Test Scenario #5: SQL Server 2014 + Windows 2012 R2 + Low Max Server Memory + Intel Processors + Locked Pages In Memory + NUMA (Azure IaaS Virtual Machine)
Exact same behavior as above was noticed, however, after restart, SQL Server no longer had Current Committed higher then Target Committed. Even after lowering the max memory even further then Scenario #4. It did not cause as dramatic shift.
*** Another interesting thing to note in SQL Server 2014. Up-to SQL Server 2012, Lazy Writer Thread bound to CPU 0 of each NUMA Node. In SQL Server 2014, Lazy Writer Thread is binding to last CPU of each NUMA Node.
Conclusion & Things to Consider
- Configuring SQL Server Max Server Memory low memory will cause Lazy Writer to spin due to internal memory pressure issue.
- There is no value at which point this behavior starts, it depends on the load of the server. For example, in Original Scenario, due to server load under 4000MB it started spinning the Lazy Writer thread; however in Test Scenario #4, I had to go down to as much as 1000MB. Therefore on your servers look at Lazy Writer thread in conjunction with CPU and DBCC MEMORYSTATUS to understand what is truly happening.
- This behavior is consistent in whether I have Locked Pages in Memory or not.
- In Windows 2012 R2 NUMA allocation seem to be much better then Windows 2008 R2.

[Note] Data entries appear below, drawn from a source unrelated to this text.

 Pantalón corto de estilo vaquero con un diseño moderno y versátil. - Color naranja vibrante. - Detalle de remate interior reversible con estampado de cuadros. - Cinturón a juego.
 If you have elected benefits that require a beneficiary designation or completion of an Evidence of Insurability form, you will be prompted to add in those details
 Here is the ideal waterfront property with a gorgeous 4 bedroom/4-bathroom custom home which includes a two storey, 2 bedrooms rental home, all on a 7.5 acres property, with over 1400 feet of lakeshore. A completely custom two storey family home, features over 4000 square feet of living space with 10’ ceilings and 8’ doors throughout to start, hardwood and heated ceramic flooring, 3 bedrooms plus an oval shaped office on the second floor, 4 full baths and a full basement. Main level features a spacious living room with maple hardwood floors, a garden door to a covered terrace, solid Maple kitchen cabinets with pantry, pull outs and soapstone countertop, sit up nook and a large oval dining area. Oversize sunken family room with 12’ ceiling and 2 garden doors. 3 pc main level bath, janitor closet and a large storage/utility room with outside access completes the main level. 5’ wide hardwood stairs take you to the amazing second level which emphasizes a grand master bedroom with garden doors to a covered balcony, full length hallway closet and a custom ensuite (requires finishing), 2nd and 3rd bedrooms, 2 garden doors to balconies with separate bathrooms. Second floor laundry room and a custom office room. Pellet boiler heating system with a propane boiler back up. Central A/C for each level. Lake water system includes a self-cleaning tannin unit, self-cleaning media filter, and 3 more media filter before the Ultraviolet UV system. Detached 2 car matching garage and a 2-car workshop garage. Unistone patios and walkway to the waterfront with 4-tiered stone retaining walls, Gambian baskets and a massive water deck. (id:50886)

- SQL Server 2014 Lazy Writer thread does not seem to be as aggressive as SQL Server 2012.
- Few KB articles came up during my research in SQL Server 2012 that fix NUMA related issues, KB2819662 and KB2926223.
- There as been some fixes released for NUMA for Windows 2008 R2 operating system also, please review KB2155311 and KB2510206.

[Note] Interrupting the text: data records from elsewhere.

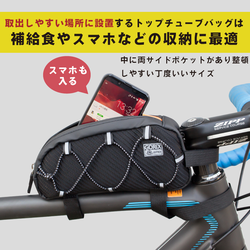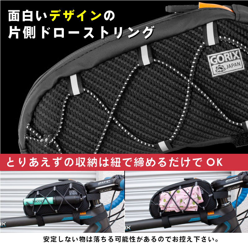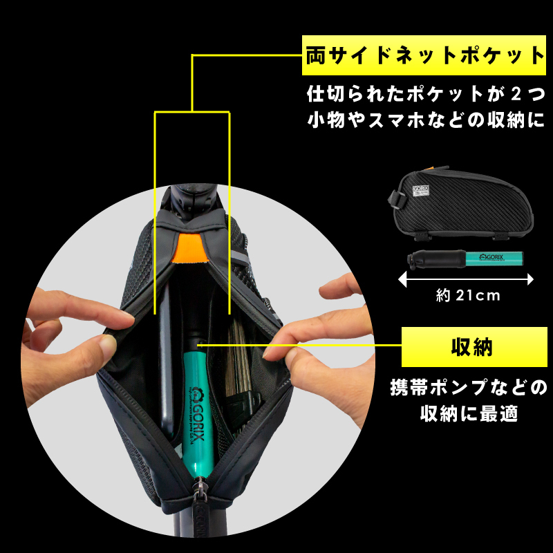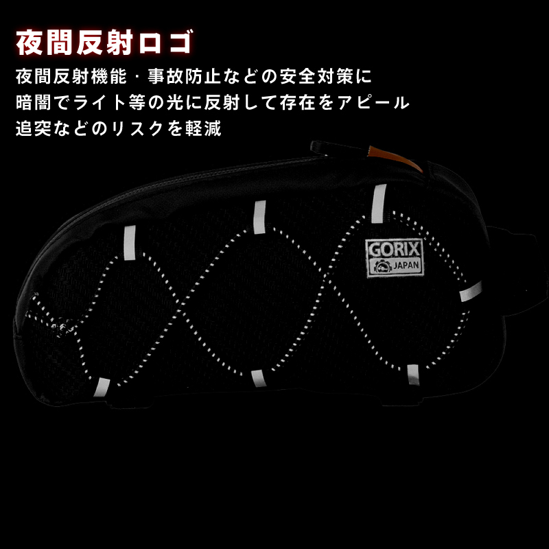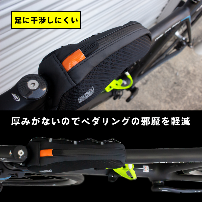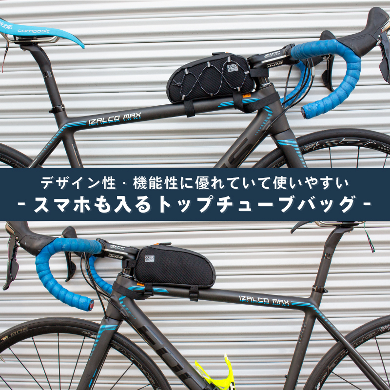 | ロードバイク、クロスバイク、ミニベロ、MTB等に最適なフレームバッグです。 スマートフォンやチューブなどの工具、鍵、補給食などしっかり収納できます。 防水効果で急な雨も気になりません。 厚みがないのでペダリングの邪魔になりにくいデザイン ・補給食やスマホなどの収納に最適 トップチューブバッグは取出しやすい場所に設置するのでよく使うスマホやすぐにとれる補給食の収納に ・止水ファスナー仕様 細部にも施された防水対策 止水ファスナーでファスナーを閉めるとテープが密着して防止性を高めます。 ・厚みが少なくペダリングの邪魔になりにくいデザイン ・夜間反射ロゴ 夜間反射機能・事故防止などの安全対策に 暗闇でライト等の光に反射して存在をアピール 追突などのリスクを軽減 ・生活防水IPX4 防水加工が施されていて雨天のサイクリングをサポート 材質:210D Nylon + TPU 防水素材 サイズ:約22x10cm 幅5cm 重量:約105 g 附属ベルト取付可能径:約φ3-5cm 最大容量:約0.75 L 収納仕様:左右側ネットポッケト各1つ 防水仕様:防水レベルIPX4※完全防水ではありません。 | |
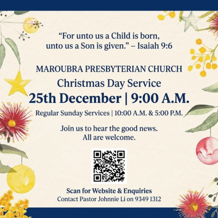 Join us at Maroubra Presbyterian Church as we celebrate the incarnation of our Lord Jesus Christ through Scripture readings and traditional carols. It is a simple, reverent service focused on the good news of the Gospel.
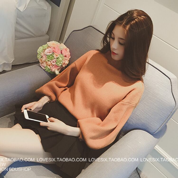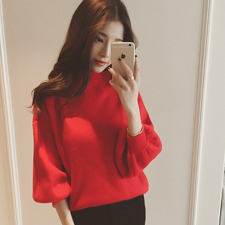 プルオーバー レディース ニット トップス スタンドカラー パフスリーブ 韓国風 新作 無地 ゆったり
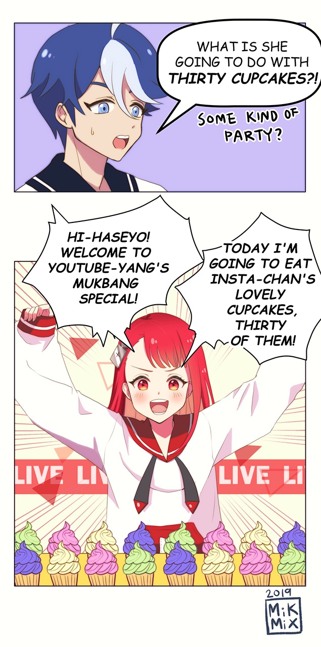 YANG IS A KOREAN SUFFIX THAT CAN BE USED IN SIMILAR WAY WITH CHAN^^ PERSONALY I'M NOT SO INTO MUKBANG BUT AM AMAZED AT SOME PEOPLE'S CAPACITY FOR FOODS...HOPE YOU LIKED HER, MORE CHARACTERS WILL APPEAR!

- In addition, if you are running a server with more then 64-logical cores, please review K-Group Configuration, for details please reference this article.
- Last but not least verify that memory is distributed evenly on physical server. That is the memory banks have been evenly allocated, i.e. you do not have more memory allocated in one bank versus another, as you might also see one NUMA node working extra harder if there is significant amount of foreign memory access.
Question to answer, why can’t Lazy Writer free up memory from NUMA Node 0?
SQL Server Lazy Writer is only responsible for clearing memory from Buffer Pool, it cannot remove or clear memory from any other memory clerk. Therefore, it is possible, that other internal components have memory allocated on NUMA Node 0 only, therefore NUMA Node 0 is unable to free up enough memory for buffer pool only. Looking at DBCC MEMORYSTATUS we can see which memory clerks allocate from NODE Node 0 only, there are few, for example, MEMORYCLERK_SQLCLR, MEMORYCLERK_SOSMEMMANAGER, OBJECTSTORE_LOCK_MANAGER, and MEMORYCLERK_XE_BUFFER all have allocation from NODE Node 0 only.